> REQUIRED WORK: Entries below include pictures. Output exactly the lines from the one with "- [Fácil de" down to the one with "When we walked", both ends included, and leave the pictures out.

> DATA PROVIDED:
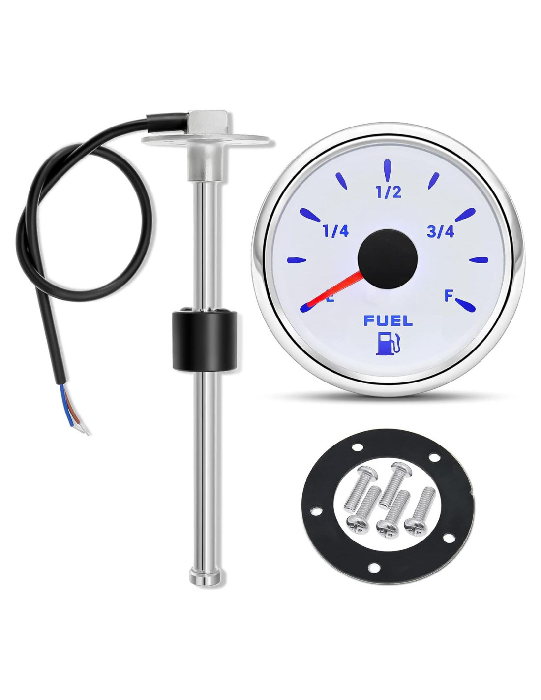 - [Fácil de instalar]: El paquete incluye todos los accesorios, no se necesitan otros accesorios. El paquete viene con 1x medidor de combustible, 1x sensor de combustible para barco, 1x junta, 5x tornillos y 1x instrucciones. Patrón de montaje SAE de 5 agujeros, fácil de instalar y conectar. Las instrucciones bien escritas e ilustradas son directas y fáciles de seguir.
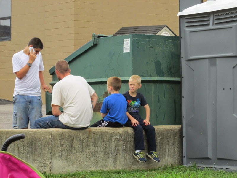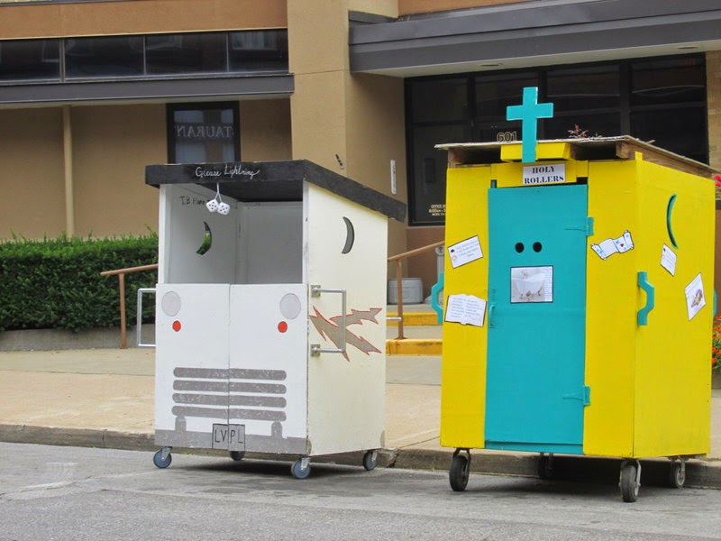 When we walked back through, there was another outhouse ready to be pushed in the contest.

* * *

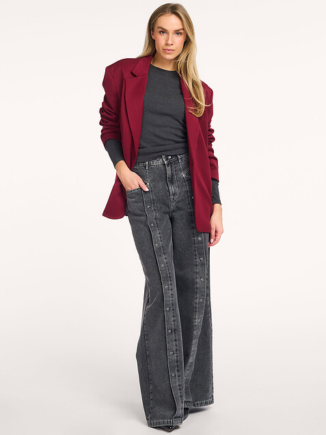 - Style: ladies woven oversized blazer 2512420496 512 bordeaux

---

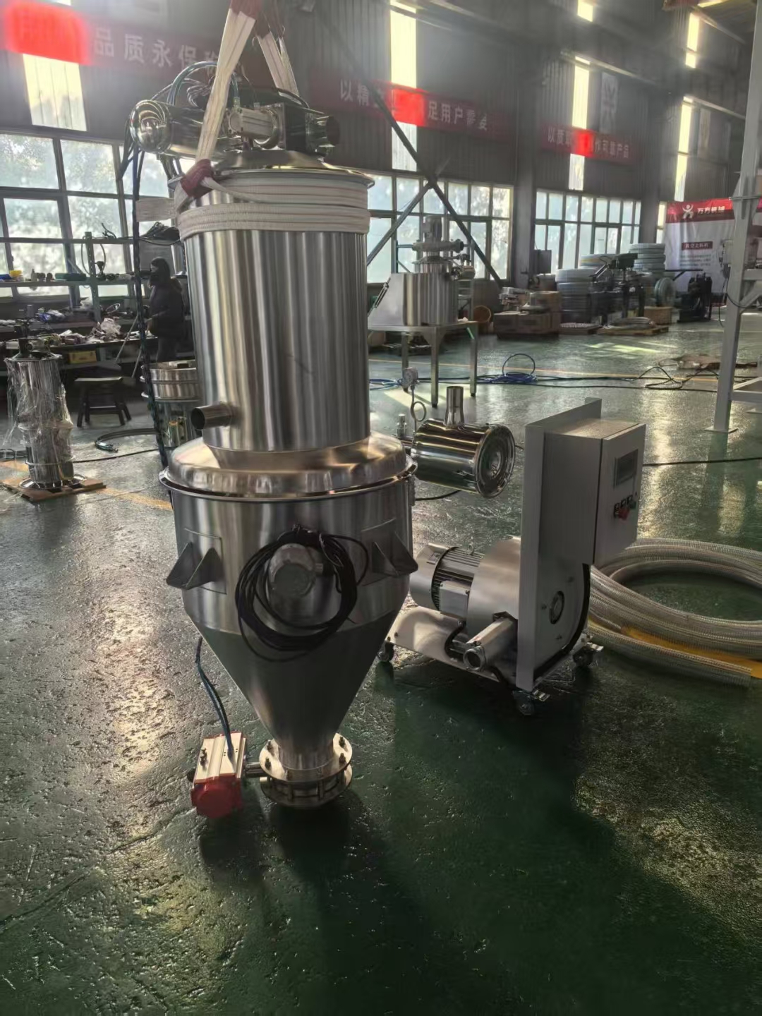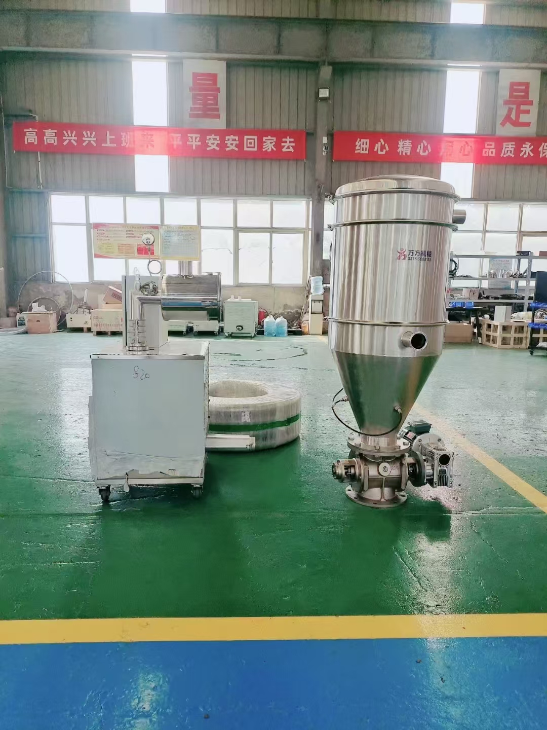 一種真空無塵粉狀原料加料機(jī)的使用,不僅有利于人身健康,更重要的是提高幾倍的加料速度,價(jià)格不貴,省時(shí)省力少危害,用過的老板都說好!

> ANSWER BOX:
 - [Fácil de instalar]: El paquete incluye todos los accesorios, no se necesitan otros accesorios. El paquete viene con 1x medidor de combustible, 1x sensor de combustible para barco, 1x junta, 5x tornillos y 1x instrucciones. Patrón de montaje SAE de 5 agujeros, fácil de instalar y conectar. Las instrucciones bien escritas e ilustradas son directas y fáciles de seguir.
 When we walked back through, there was another outhouse ready to be pushed in the contest.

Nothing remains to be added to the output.